• [The problem] Output the complete listing exactly, please, and keep the pictures out of it.

Available data Start Marker

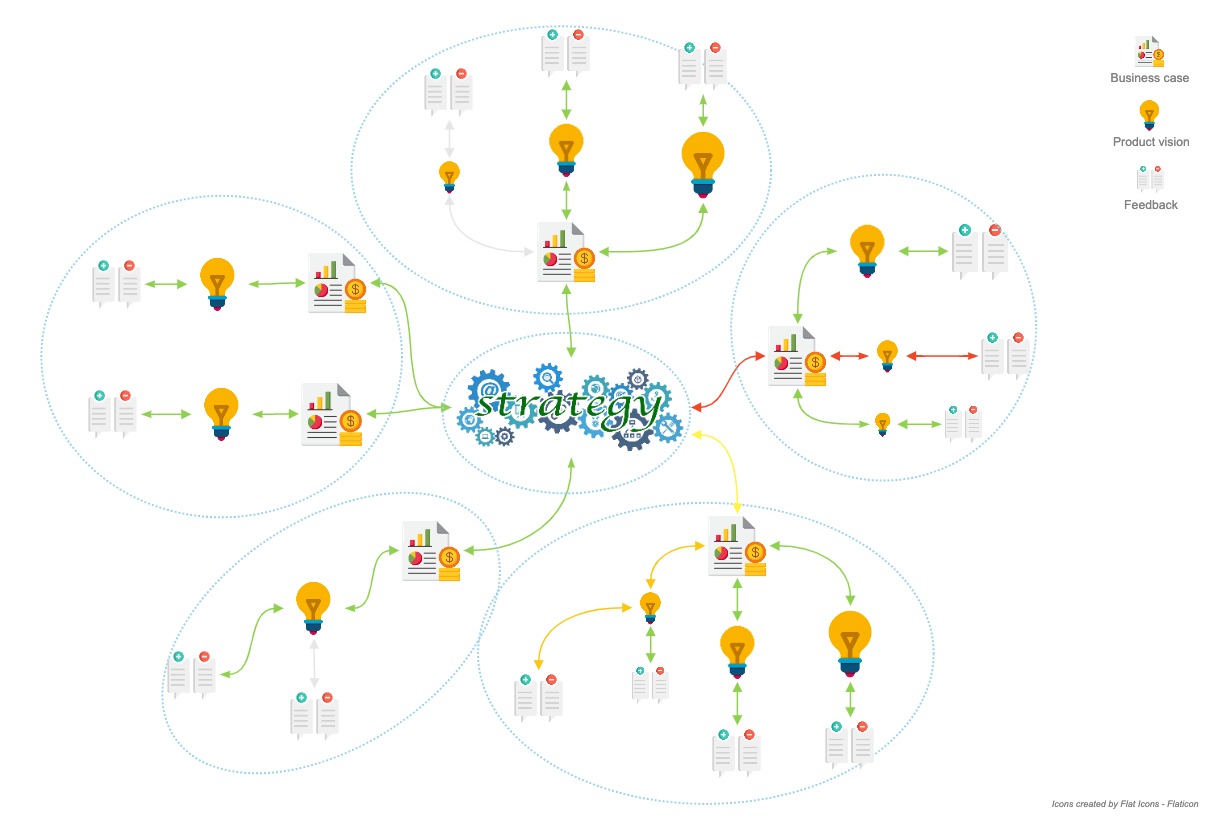 In practice you rarely see the relationship with the strategic goals and, more importantly, the right conversations about what each epic or feature will contribute to the overall strategy. This makes it very difficult for everyone to understand what is really desired and what goals should be pursued.
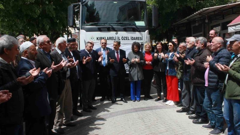 Törende konuşan Vali Birol Ekici deprem bölgesine en çok yardım yapan illerden birinin Kırklareli olduğunu belirterek “Kırklareli olarak deprem bölgesine en çok yardım gönderen bir İliz. Toplanan yardımları gıda paketine çevirerek göndermeye devam ediyoruz. Tüm halkımıza çok teşekkür ediyorum. Bu camiden sürekli yardım yapan halkımız adına bu kamyonu da buradan gönderiyoruz. Sabah bir tane Lüleburgaz’dan gönderdik ve bu gün Adana’dan satın aldığımız suyu da yine Hatay’a teslim edeceğiz 1 tır su teslim ediyoruz. Bu gün 2 kamyon, 1 tır yardım malzemesi teslim etmiş oluyoruz” dedi.
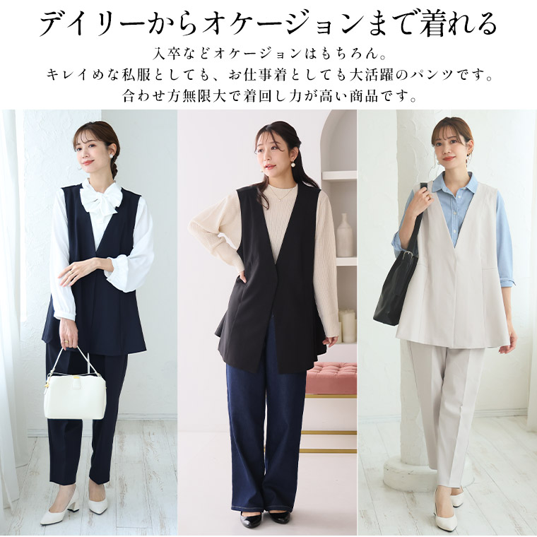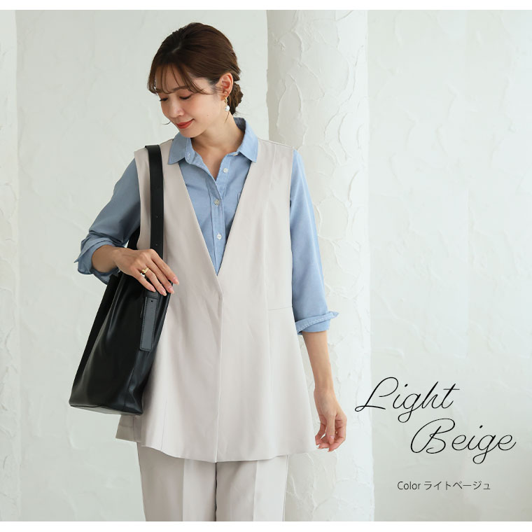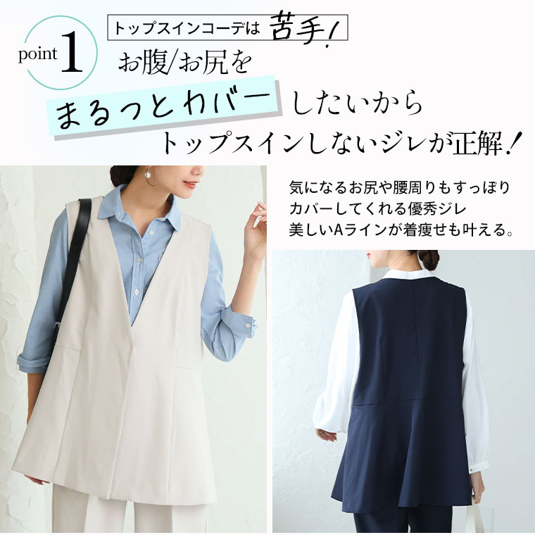 洗えて動ける!「いつでも使えるキチンと服」ストレッチペプラムジレ
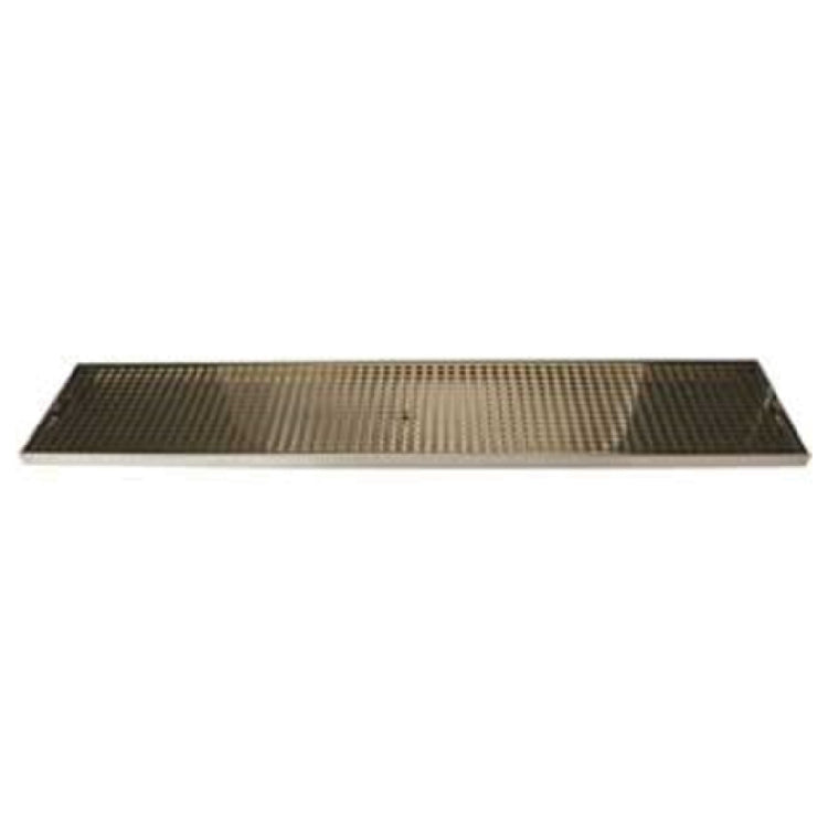 The Micro Matic DP-820DSSPVD-39 Drip Tray Trough is a surface mount unit measuring 39 inches in width and 8 inches in depth, making it an ideal solution for efficiently managing liquid waste in commercial bar or restaurant settings. Its perforated PVD brass screen is designed to provide an effective and aesthetically pleasing cover for the tray, allowing liquids to pass through while trapping larger debris. The drip tray features a 5/8-inch O.D. drain, ensuring quick and reliable drainage, minimizing the risk of overflow, and maintaining a clean work area. Constructed from durable stainless steel, this drip tray is built to withstand the rigors of high-volume environments, offering both longevity and resistance to corrosion. The combination of its substantial width and depth enables this drip tray to cater to businesses requiring robust waste management solutions, fitting seamlessly into existing setups without compromising on style or functionality. The Micro Matic DP-820DSSPVD-39 is especially suitable for diverse market segments, including high-end bars, busy restaurants, and breweries, where efficiency, durability, and hygiene are paramount. The sleek design and high-quality materials underscore its capability to deliver reliable performance while complementing the aesthetics of premium service environments.

Available data End Marker

• [Answer section]
 In practice you rarely see the relationship with the strategic goals and, more importantly, the right conversations about what each epic or feature will contribute to the overall strategy. This makes it very difficult for everyone to understand what is really desired and what goals should be pursued.
 Törende konuşan Vali Birol Ekici deprem bölgesine en çok yardım yapan illerden birinin Kırklareli olduğunu belirterek “Kırklareli olarak deprem bölgesine en çok yardım gönderen bir İliz. Toplanan yardımları gıda paketine çevirerek göndermeye devam ediyoruz. Tüm halkımıza çok teşekkür ediyorum. Bu camiden sürekli yardım yapan halkımız adına bu kamyonu da buradan gönderiyoruz. Sabah bir tane Lüleburgaz’dan gönderdik ve bu gün Adana’dan satın aldığımız suyu da yine Hatay’a teslim edeceğiz 1 tır su teslim ediyoruz. Bu gün 2 kamyon, 1 tır yardım malzemesi teslim etmiş oluyoruz” dedi.
 洗えて動ける!「いつでも使えるキチンと服」ストレッチペプラムジレ
 The Micro Matic DP-820DSSPVD-39 Drip Tray Trough is a surface mount unit measuring 39 inches in width and 8 inches in depth, making it an ideal solution for efficiently managing liquid waste in commercial bar or restaurant settings. Its perforated PVD brass screen is designed to provide an effective and aesthetically pleasing cover for the tray, allowing liquids to pass through while trapping larger debris. The drip tray features a 5/8-inch O.D. drain, ensuring quick and reliable drainage, minimizing the risk of overflow, and maintaining a clean work area. Constructed from durable stainless steel, this drip tray is built to withstand the rigors of high-volume environments, offering both longevity and resistance to corrosion. The combination of its substantial width and depth enables this drip tray to cater to businesses requiring robust waste management solutions, fitting seamlessly into existing setups without compromising on style or functionality. The Micro Matic DP-820DSSPVD-39 is especially suitable for diverse market segments, including high-end bars, busy restaurants, and breweries, where efficiency, durability, and hygiene are paramount. The sleek design and high-quality materials underscore its capability to deliver reliable performance while complementing the aesthetics of premium service environments.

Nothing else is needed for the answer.